Il n'en était rien. Au contraire à la naissance de son enfant, elle avait eu l'impression de ne plus avoir d'excuses. Elle avait crée la vie. Elle s'était offert une famille.Un événement de la vie qui lui avait donné six mois en arrière une impulsion, une envie mordante de vivre passionnément chaque jour pour son enfant certes mais surtout pour elle. Pour cet être en devenir qui allait devenir maman, une mère qui serait heureuse, forte et épanouie dans ses choix. Même si elle n'avait pas la force en ce dernier jour de couper court aux compliments sur ces muffins à la myrtille pour rétablir la vérité, elle ne pouvait s'empêcher au fond de penser qu'ici, dans ces locaux aseptisés, personne ne l'avait compris. Que dans ces locaux gris à la moquette usée et à la routine mortelle, elle avait failli y laisser sa peau. Face au vide et à l'ennui, elle avait voulu plus d'une fois fuir.
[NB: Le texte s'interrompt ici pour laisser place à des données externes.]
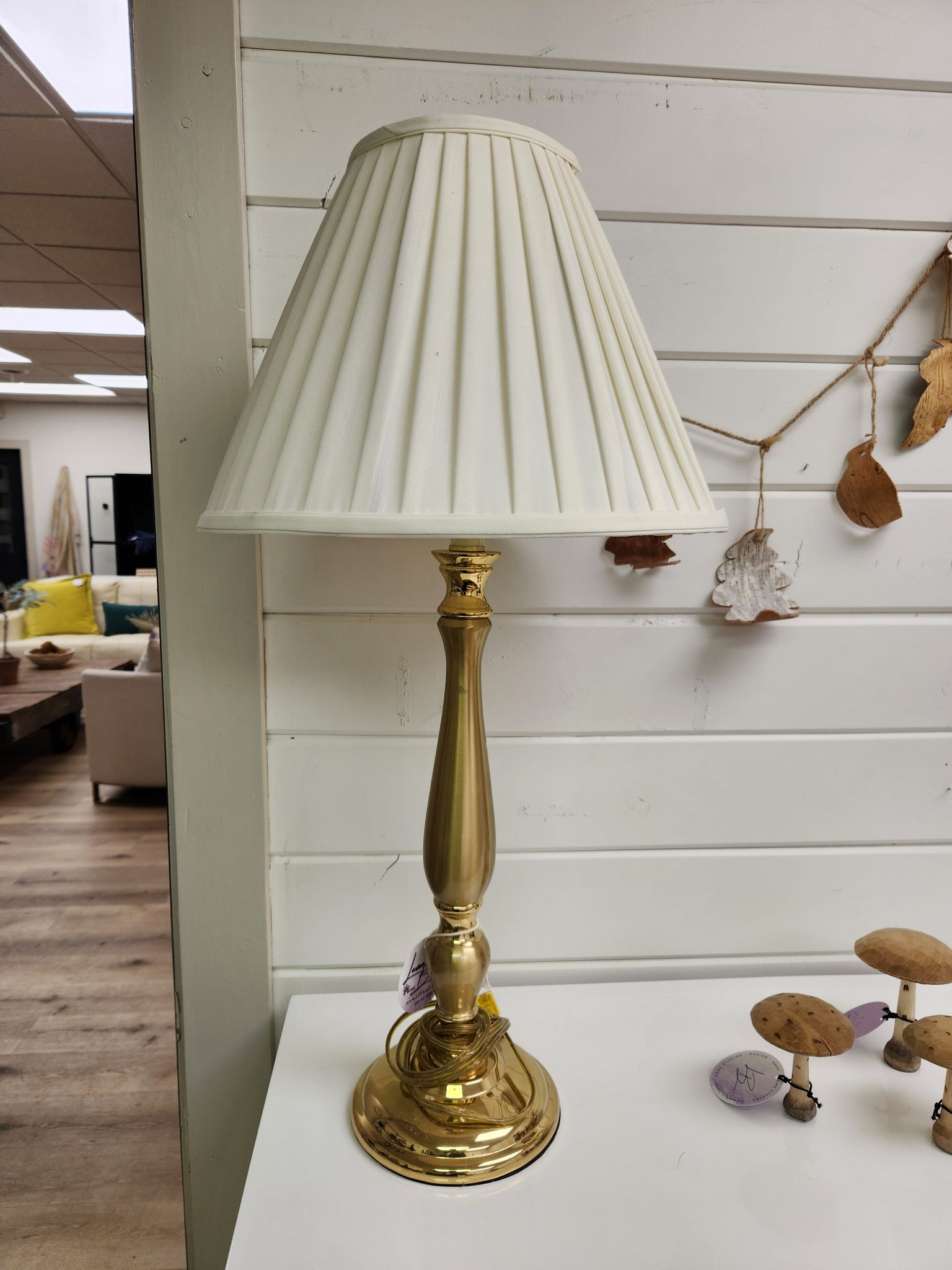 Brighten up your space with this beautiful shiny golden table lamp! Not only will it provide light, but it's sleek and smooth body will give your space an elegant look.

Aujourd'hui, en jetant à la poubelle des dizaines de vieux dossiers, aujourd'hui, en fermant la porte les yeux mouillés de nostalgie sur trois années confortables d'une petite vie bien rangée, elle n'avait pas l'impression de faire preuve de courage mais plutôt d'avoir une chance inouïe.

Celle de quitter une prison dorée pour repartir de zéro.